WHC 2018: Žatec, Town of Hops

Žatec – the Hops Town is up for inclusion in the World Heritage List in 2018. I’ve not been able to find any information online yet whether the ICOMOS advice has come out positive or negative. I put the Bohemian town on my itinerary of a long weekend trip to the German/Czech border region anyway. Žatec lies only about an hour’s drive away from Marienberg in the Ore Mountains, where I was staying.

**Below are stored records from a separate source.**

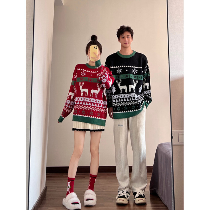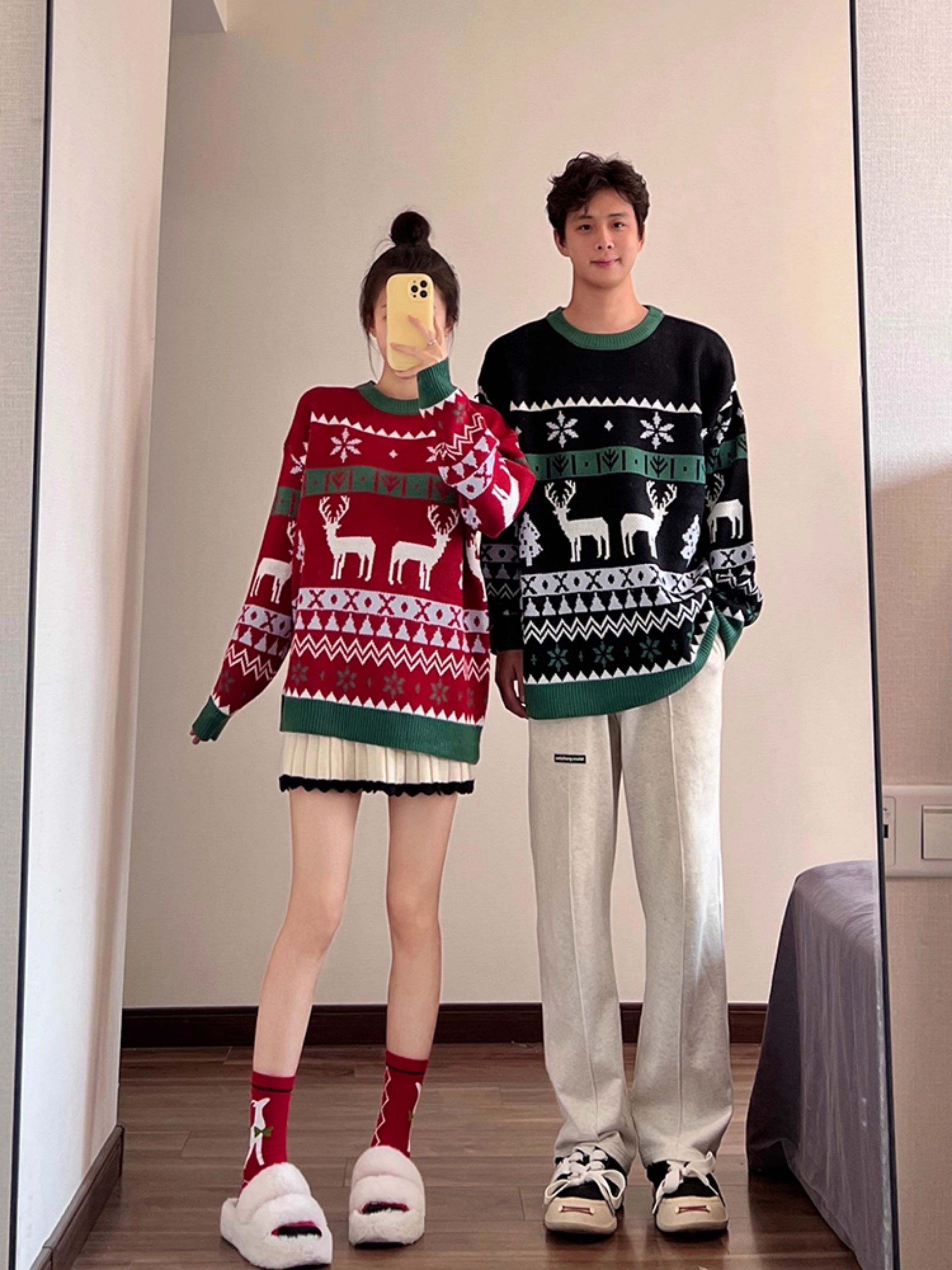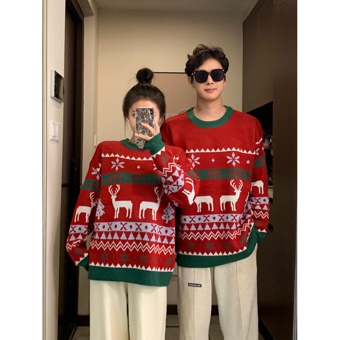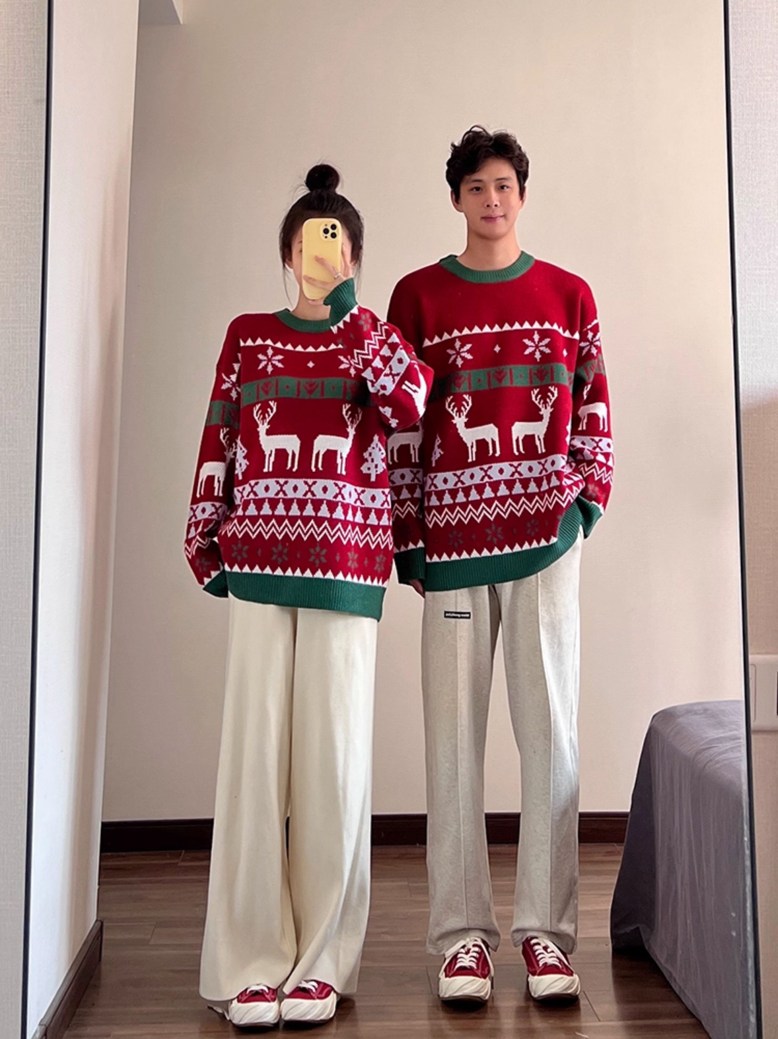 聖誕氛圍感穿搭情侶裝秋冬2025新款針織衫毛衣紅色麋鹿聖誕節戰袍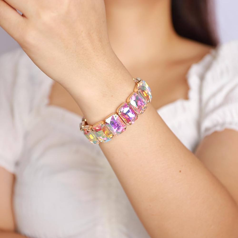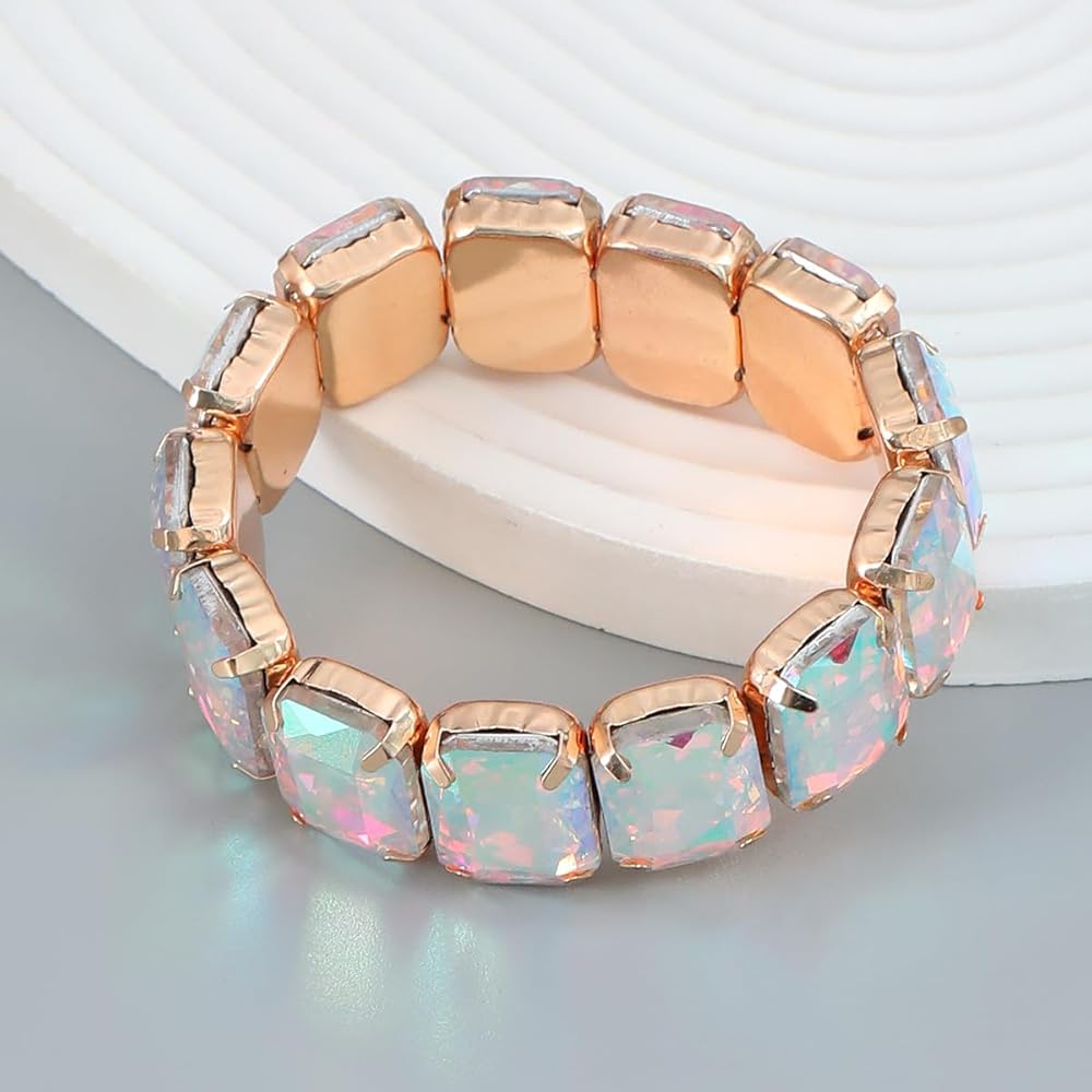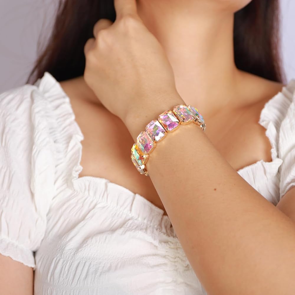 Xerling Wedding Square Crystal Stretch Bracelets Sparkle Elastic Hand Chain Bangle Bracelets for Women Teen Girls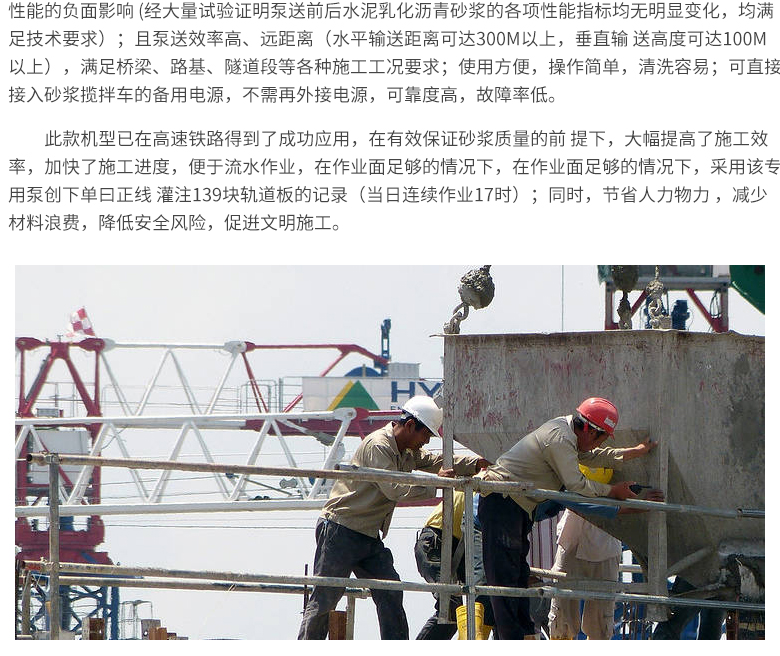 簡介:水泥乳化瀝青砂漿專用泵是三民重科根據(jù)高速鐵路板式無砟軌道水泥乳化瀝青砂漿的性能特點(diǎn)與施工要求,經(jīng)過前期廣泛論證、現(xiàn)場充分試驗(yàn)、后期不斷優(yōu)化而聯(lián)合開發(fā)的并于施工現(xiàn)場成功應(yīng)的專用泵送設(shè)備。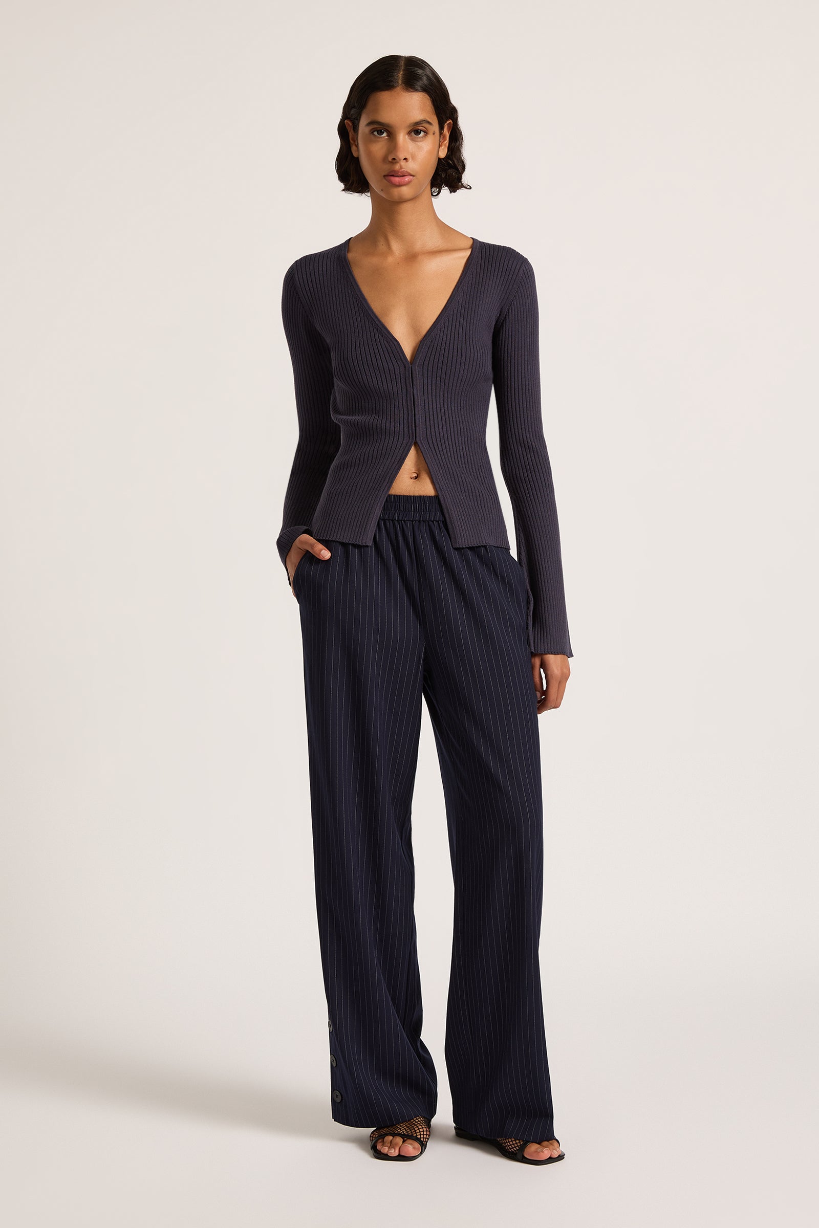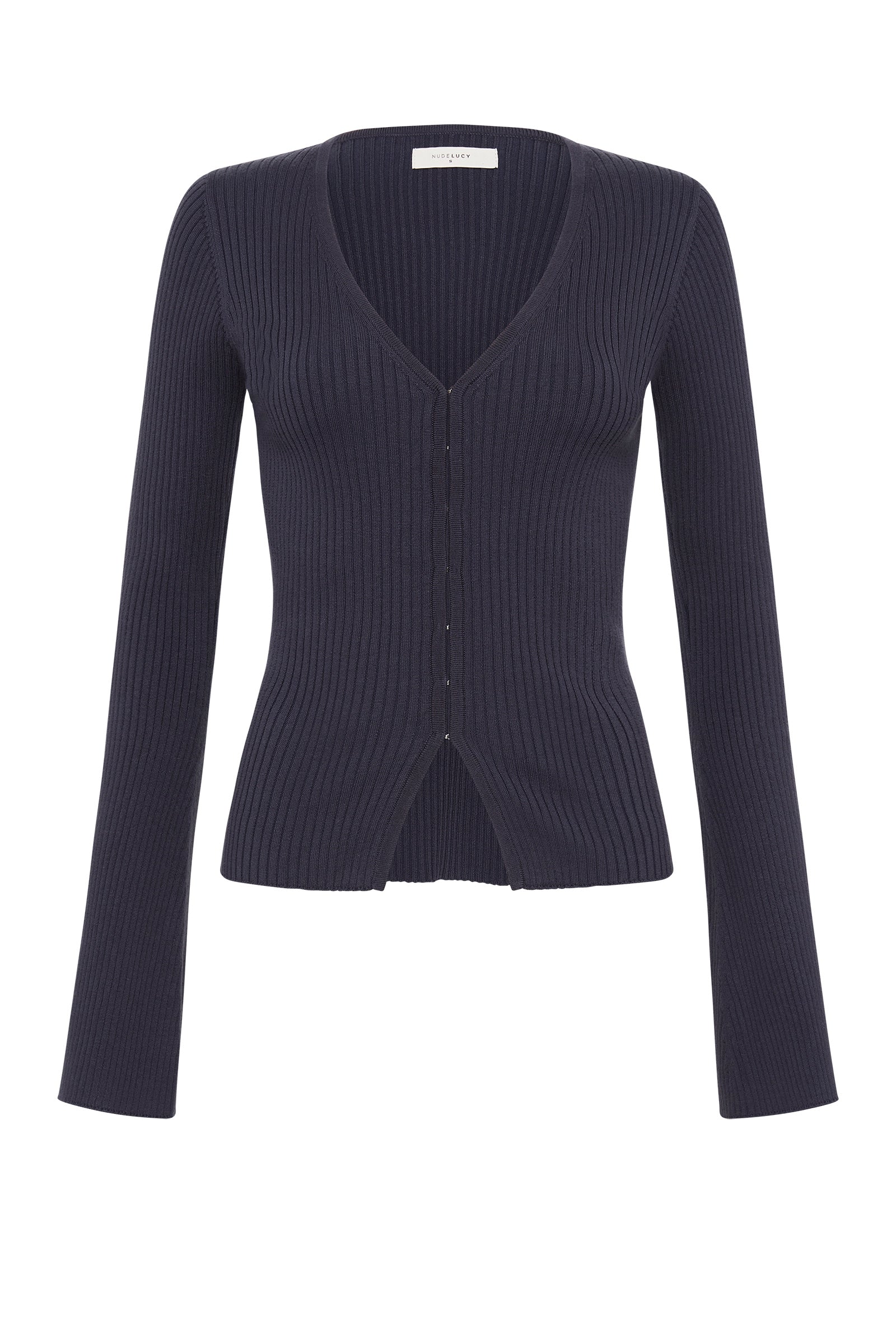 The Ettiene Knit Cardigan is made from a cotton blend yarn which has a ribbed, soft hand feel. The silhouette is fitted to the body with long, flared sleeves and length finishing above the hips. Features include V-neck and hook and eye opening at centre front.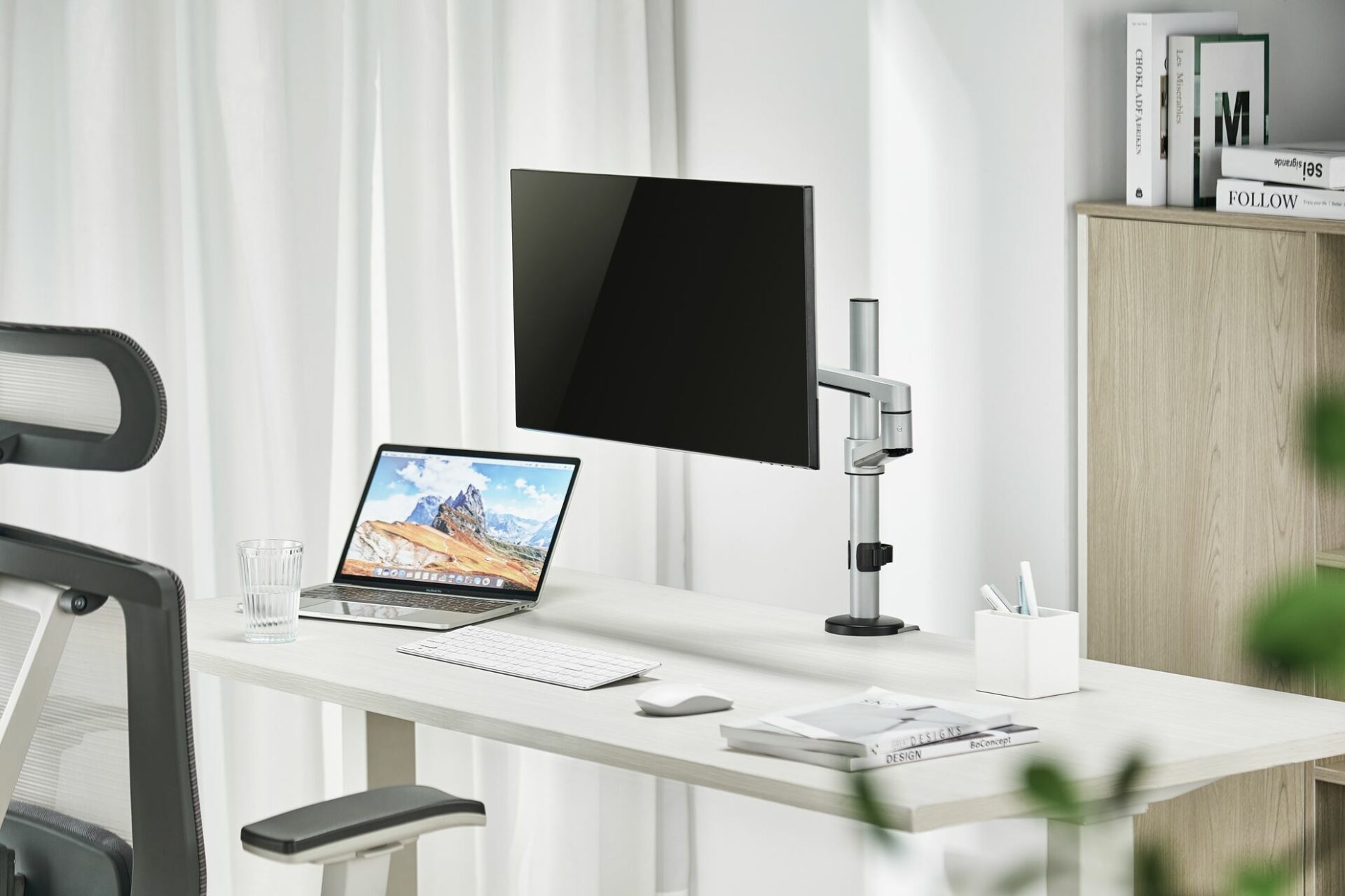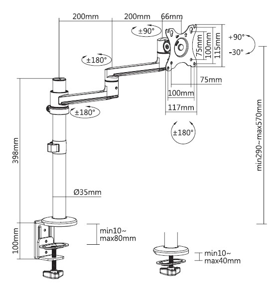 Both desk clamp (for desk thickness 10mm-80mm) and grommet mounting (for desk thickness 10mm-40mm)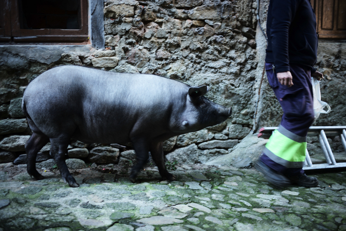 安东并非偶然闯入,它是这座山村最独特和受宠的居民。每年6月17日,费尔明会捐出一只猪作为当年的圣·安东,与此同时还诞生一位“监护人”。小猪在接受神父的祝福后,便开始它的快乐时光。监护人带它在村里散步,村民们跟它聊天喂它吃百家饭,有人早起为它采来山林里的橡果,孩子们在放学回家时摸摸它肉乎乎的背脊……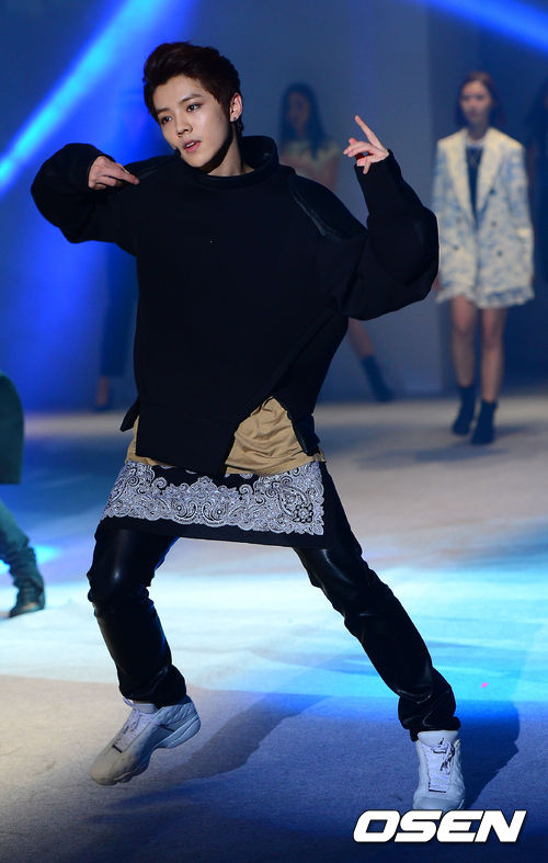 21일 오후 서울 동대문 디자인 플라자에서 열린 '2014 F/W 서울패션위크'에서 엑소 루한이 멋진 무대를 선보이고 있다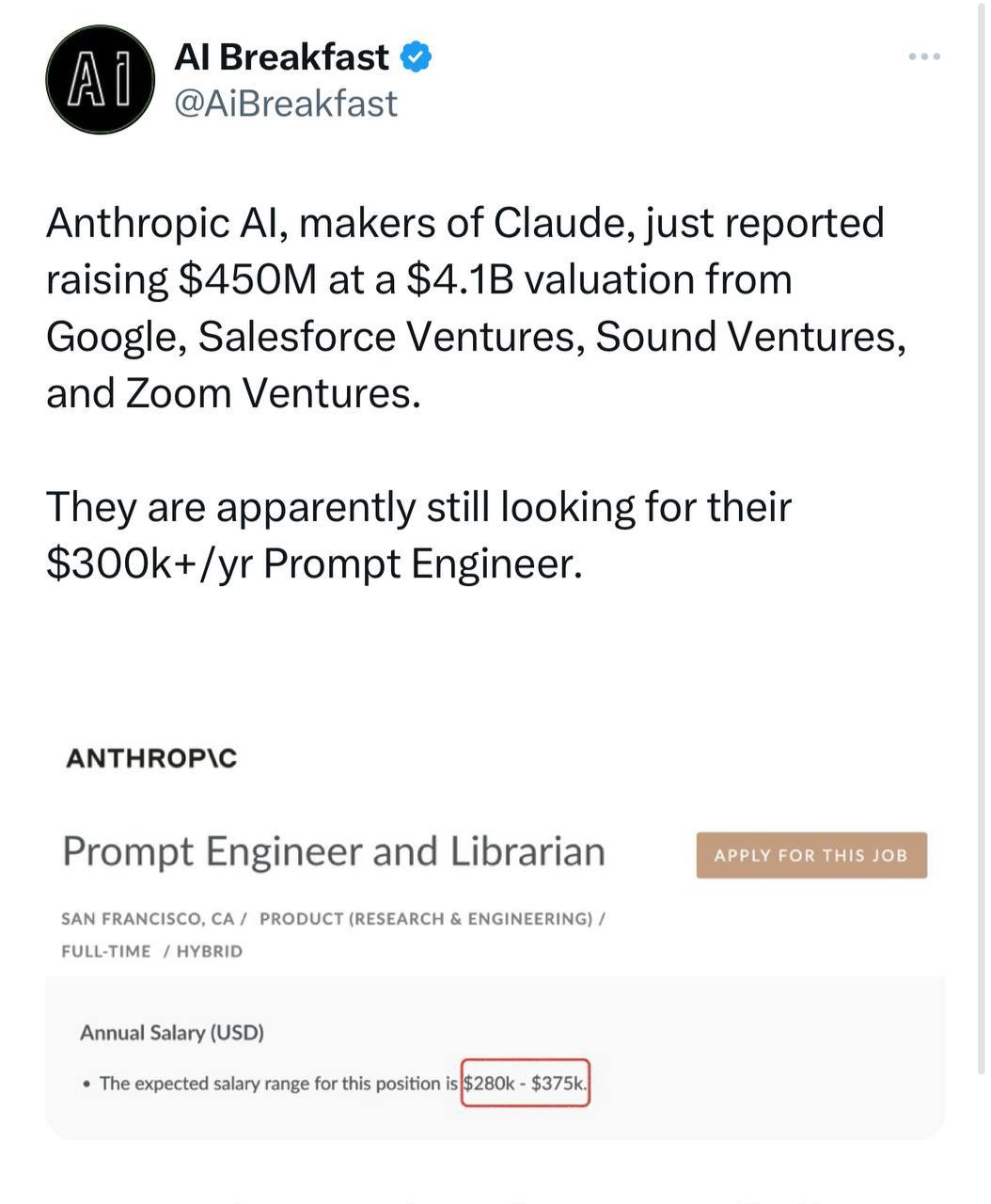 Да, так и есть. Ребята из стартапа AnthropicAi привлекли 450 миллионов долларов и теперь могут себе позволить такого специалиста. Судя по описанию вакансии, его максимальная з/п может достигать 375.000$ в год.

18th century Holy Trinity Column in Žatec
I visited on a Saturday afternoon, and already on the way to it I was surprised that ‘everything’ was closed: shops had their doors firmly shut, and I was happy that I had filled up the tank of my car in Germany as even gas stations looked doubtful. Arriving at the central square of Žatec, it was easy to park there as no one was around as well! I had expected terraces full of beer drinking locals and tourists (the weather was very sunny and warm for late April), just as in most Czech towns that I had visited before. Only after some effort I found a pizzeria open for a late lunch. Žatec advertises itself as ‘The Hops Town’, which isn’t the same as ‘The Beer Town’: the word “beer” does not even feature in the official T list description. What you will learn from a visit is how hops actually looks like (I had not seen it before) and what they do with it before it ends up in the beer. The industry of hop growing and processing in Žatec goes back to the Middle Ages.
Saaz hops
The best place to learn more about the history is at the Hop Museum. This lies just around the corner from the quite tacky Hop and Beer Temple with its tower. The museum is located in a former hop storage and packing plant (a huge building). At the entrance I received a print-out of a few pages in English, explaining the objects shown across the 3 floors. Most spectacular I found the exhibition about hop-growing on poles – hop plants actually look a bit like vines, but taller. Until 1957, it was common to grow them attached to constructions with meters high wooden poles in ‘hop pole gardens’. The wealth that came with the blossoming hops industry also led to rich residential and communal buildings. A nice row of those at the elongated main square looks recently revamped or repainted. Although there is some signposting, I found it difficult to find out which places can be visited. They are scattered around town among lots of not so interesting places. Roaming around the empty streets I stumbled upon the old synagogue – while peeking in, it looked in such bad repair that it might be a hazard to enter. But there is actually an exhibition inside about the Jewish history of Žatec. The synagogue itself was badly damaged already during the Kristallnacht (1938) and never used again. I was unexpectedly quite moved by the visit, as the state of the building makes it seem that it all happened yesterday.
Chimneys of the historic hop drying houses
After so many WHS associated with grapevine growing, it would be a welcome change to have one about hops too. I find it a pity actually that Žatec has not gone for a cultural landscape approach, as hops growing is still practiced around town as well as the rest of the production process. The current proposal possibly focuses too much on the historic buildings, which may come across as yet another Central European town center with a row of colourful houses.